1931 yılında yazılmış olduğuna inanması pek güç olan, zamanının çok ötesinde bir bakış açısıyla özgürlük kavramınının göreceliğini sorgulayan roman.
görecelik bu romanda anahtar kelimedir. insanlar için yeni bir sistem önerir. bu sistemi de farklı bakış açılarına sahip birden fazla karakterin kişiliğini kullanarak, sistemin içinde ve dışında yaşadıkları deneyimler ile önümüze serer. bu sebeptendir ki okuyan insanlar arasında kitabın bir distopya mı, yoksa ütopya mı olduğu konusunda anlaşmazlıklar vardır.
romanı tanımlarken, neredeyse 90 sene öncesinin öngörüsü ile günümüz tüketim sistemlerine selam çakan, hali hazırda kullanmakta olduğumuz bir dizi teknolojiye de göz kırpan bilim kurgu yönünü es geçmek büyük bir hata olur.

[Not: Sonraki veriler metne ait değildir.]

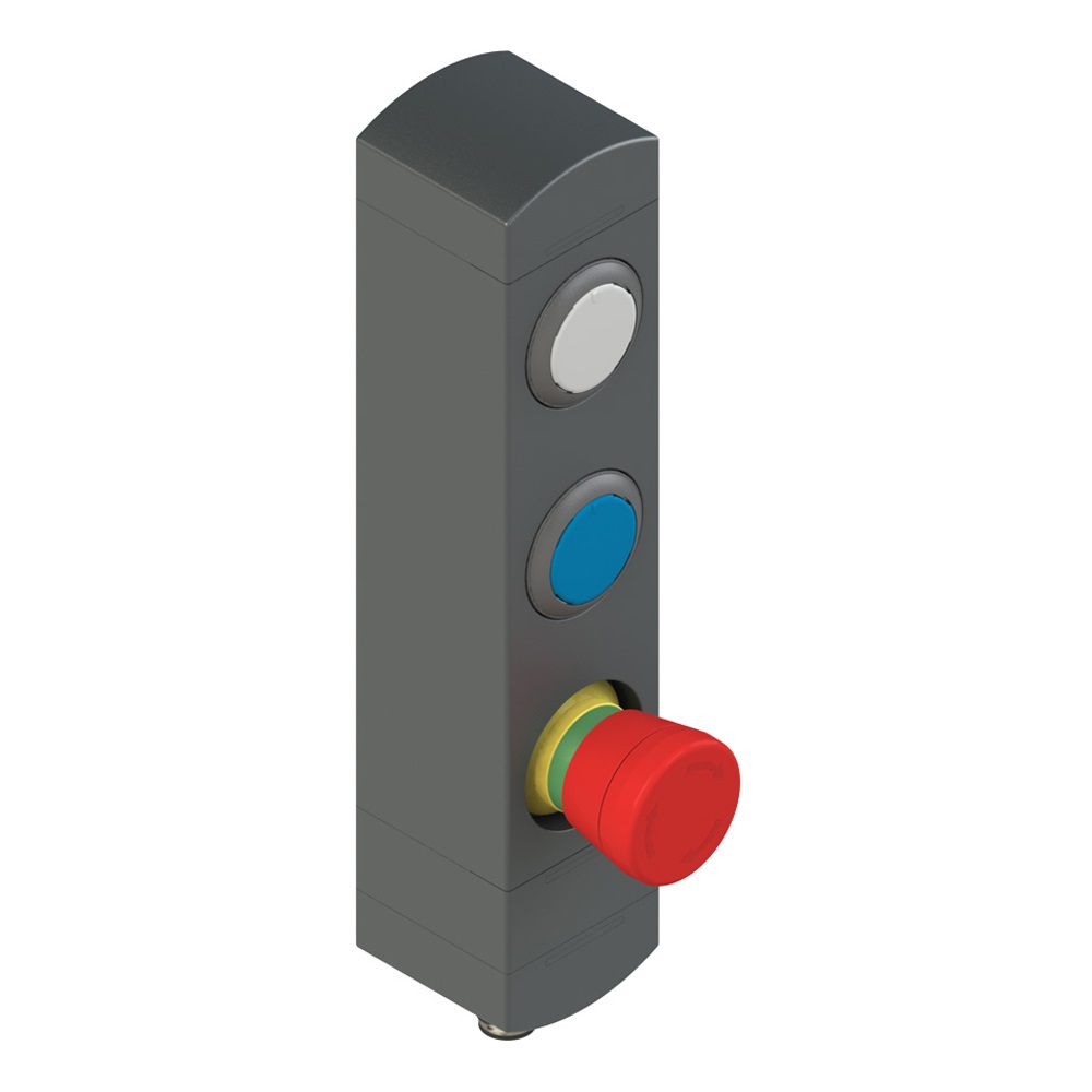Pulsantiera di comando serie BN, Numero di dispositivi: 3 dispositivi, Posizione 1: 1 pulsante bianco 1NO, Posizione 2: 1 pulsante blu 1NO, Posizione 3: 1 pulsante di emergenza rosso, sblocco a rotazione, 2NC, Grado di protezione: IP65 secondo EN 60529, Connessione e verso di uscita: Connettore M12 a 12 poli, in basso.
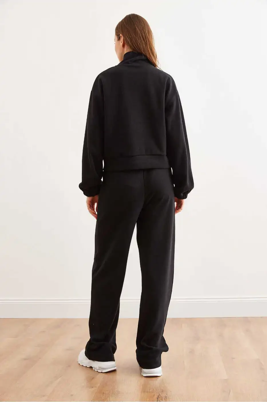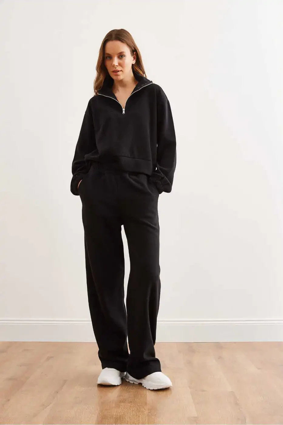Ayollar uchun qora polo yoqali yuqori va pastki to'plam | Zamonaviy va qulay

kast sistemleri, kastlar içinde mutlu olmaya şartlanmış, mutlu yaşayan insanlar, sistemle uyumsuz yaşayan insanlar ve bu tip bir sistemi yönetenlerin nasıl bir mantığa sahip olabileceğini merak ediyorsanız okumanızı öneririm. heyecanlı, aksiyon dolu bir bilimkurgu beklentiniz varsa ya da derin bir edebi lezzet arıyorsanız kitabın size göre olmadığını söyleyebiliriz.